Наступила ночь — темная-темная. Сквозь щели дощатых ставен в избе Багратиона тускло мерцал огонек догоравшей свечи. Ординарцы, конвойные и вестовые казаки давно уже завалились на отдых. Дружный храп их слышался в сенях и по чуланам, на сеновале и в коноплянике. Казалось, что и внутри избы царствовал сон. Но это только казалось. Князь Петр Иванович лежал на походной койке, в сюртуке, под шинелью, и, подперев кулаком взлохматившуюся голову, думал. В полумраке лицо его выглядело особенно бледным. Уже в течение многих суток ощущение тяжкой усталости не покидало его ни на минуту. Целые дни скакал он по позиции то с Ермоловым, то с Кутайсовым, а то и один. Объезжал батареи и полки, забирался и за Утицкий лес, к Тучкову, — жаль, что сегодня не поспел! Следил за Сен-При, советовался с Платовым, Раевским, Коновницыным. Дни мелькали с такой быстротой, словно их гнало вперед ураганом. Но затем приходила ночь. Эти глухие часы жизни не приносили князю Петру ни отдыха, ни сна. Он не мог бы даже и вспомнить, когда в последний раз спал по-настоящему, крепко и бесчувственно, как положено спать усталому человеку. Ночи его наполнялись какой-то тонкой и прозрачной, томительно-беспокойной смесью бодрствования и дремоты. Так было и сейчас.

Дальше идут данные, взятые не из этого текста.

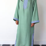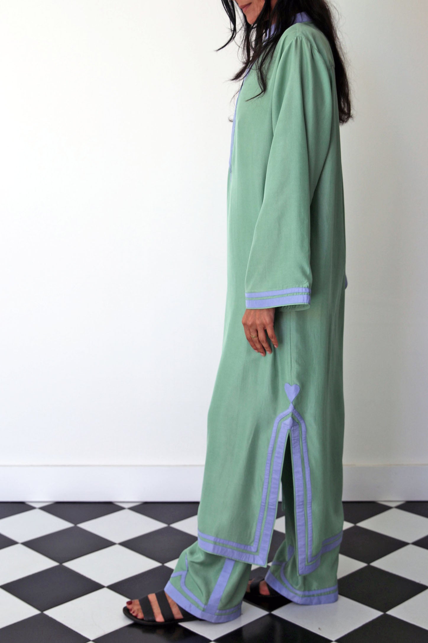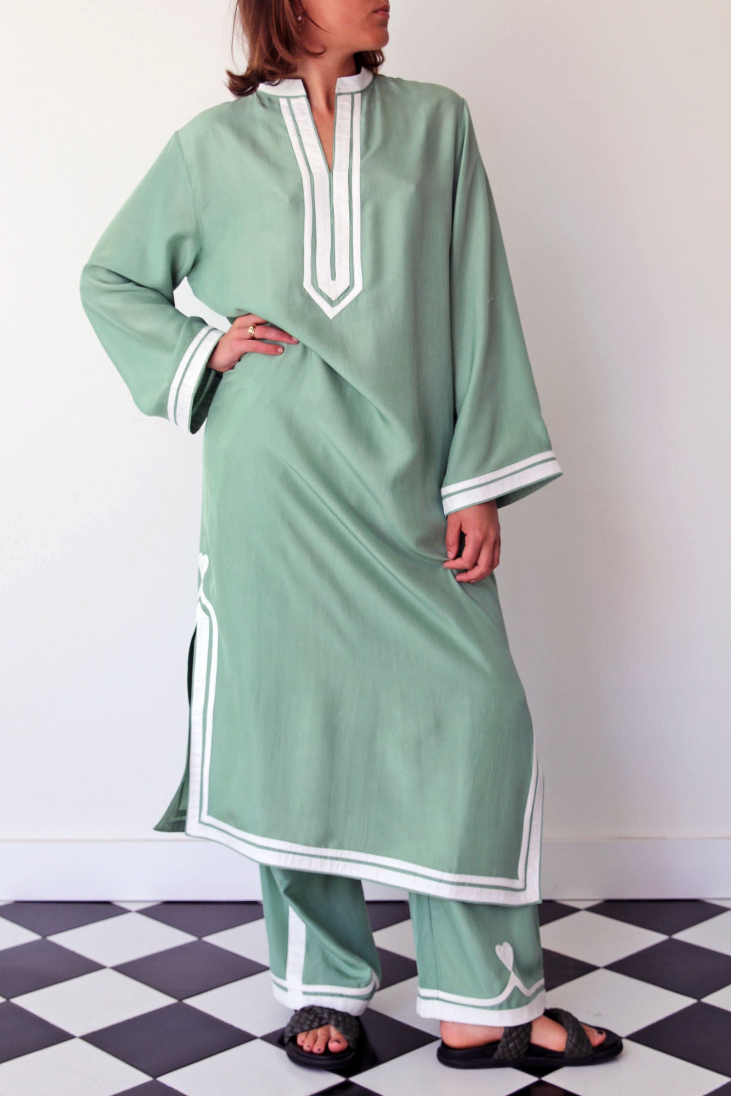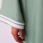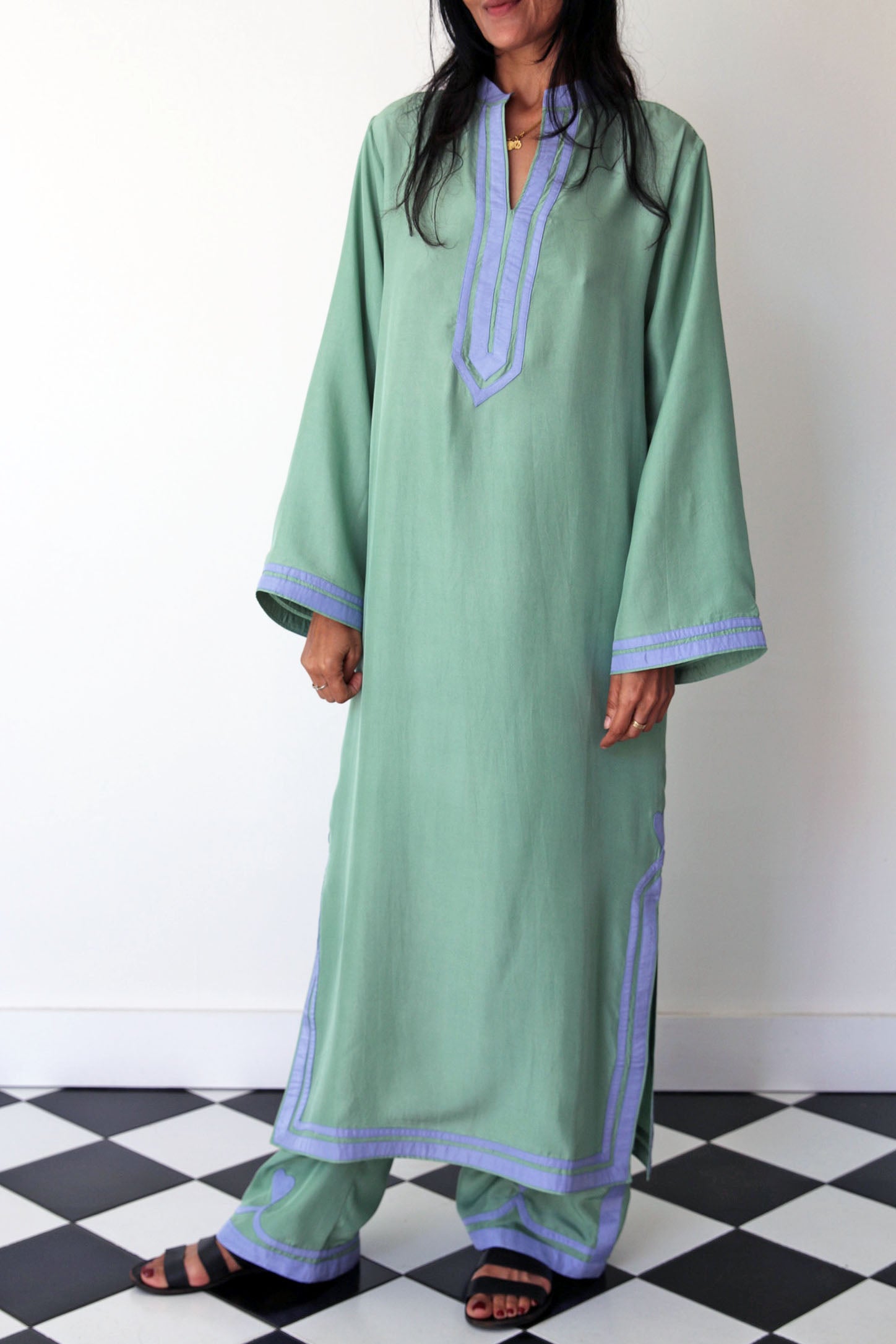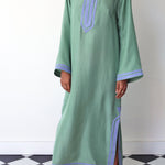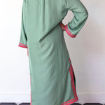 A maxi tunic in 100% silk. Features a straight silhouette with high neck and long bell sleeves. Contrast silk trim detail along neck, sides and hem. White, blue or pink trim options. Hand cut and stitched heart detail on sides. Side slits. Can be paired over pants or worn on it's own.
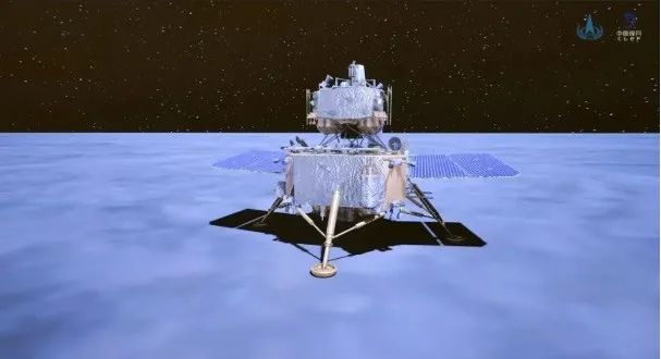 月面上的嫦娥五號着陸器與上升器組合體示意圖

Рваные клочки мыслей, как облака под ветром, обгоняли друг друга в голове Багратиона. То слышался ему твердо-ласковый и уверенно-вкрадчивый голос Ермолова, то горячие возгласы Кутайсова звоном катились по избе, а то вспыхивал пронзительно-ярким светом единственный глаз фельдмаршала, и синеватые губы, улыбаясь, казнили Беннигсена за лицемерие и ябедничество. Барон ежедневно пишет царю и в письмах этих брызжет на Кутузова змеиным ядом клеветы. А Михайло Ларивоныч не получает от царя ничего, кроме сухо-официальных рескриптов: «В протчем пребываю к вашей светлости благосклонный Александр…» И вдруг император прислал Кутузову очередной донос Беннигсена. Это стоит сотни рескриптов! «Не вы ли сочинитель сей подлости, ваше высокопревосходительство? Попались? Вон!..» Ах, кабы и впрямь случилось нечто подобное!
Ермолов хитер, прячется за книги… Вот он развернул толстый фолиант Цезаревых «Комментарий» и читает по-латыни, но так, что и Багратион отлично понимает: «Двадцать шестое августа — памятный в русской истории день! В 1395 году Тамерлан стоял на берегах реки Сосны, у Ельца, и Русь дрожала. Но именно двадцать шестого августа этот грозный покоритель Индии, Персии, Сирии и Малой Азии внезапно повернул свои полчища и, „никем гонимый“, бежал. С тех пор никогда уже не возвращался он в русскую землю. Того же числа августа 1612 года вышли поляки из разоренной Москвы…» Хм! Завтра двадцать шестое. Хитер Ермолов, а Багратион не учен. Но век живи — век учись. «Тезка! Да при чем же тут „Комментарии“ Цезаря?» — «А это совершенно все равно, — весело смеется Алексей Петрович, — важно другое: завтра победа непременно поймается и уже не выкрутится, как бы ни вертелась!..»
И Кутайсов тоже смеется. На какой-то огромной мельнице должны пойти в ход жернова. Как только они движутся, от этого маленького красивого генерала не останется ровно ничего, он знает об этом. Да и как не знать, коли застрял между жерновами? Но это его ничуть не смущает. Он кричит с величайшим жаром:
«Advienne que pourra! Ура» Ага! Его расчет — то, что в Можайске городничим отставной корнет конной гвардии князь Андрей Голицын. Эх, как глуп племянник! Точно шленский баран! Давно надо было взять оболтуса из гвардии — оторвать от карт и кутежей. В его годы Багратион пил кизлярское да красное — донские выморозки. А это что? Старики Голицыны померли. Симы разыграны с молотка в лотерею. И «принц Макарелли» вывертывает карманы у несчастных можайских мещан…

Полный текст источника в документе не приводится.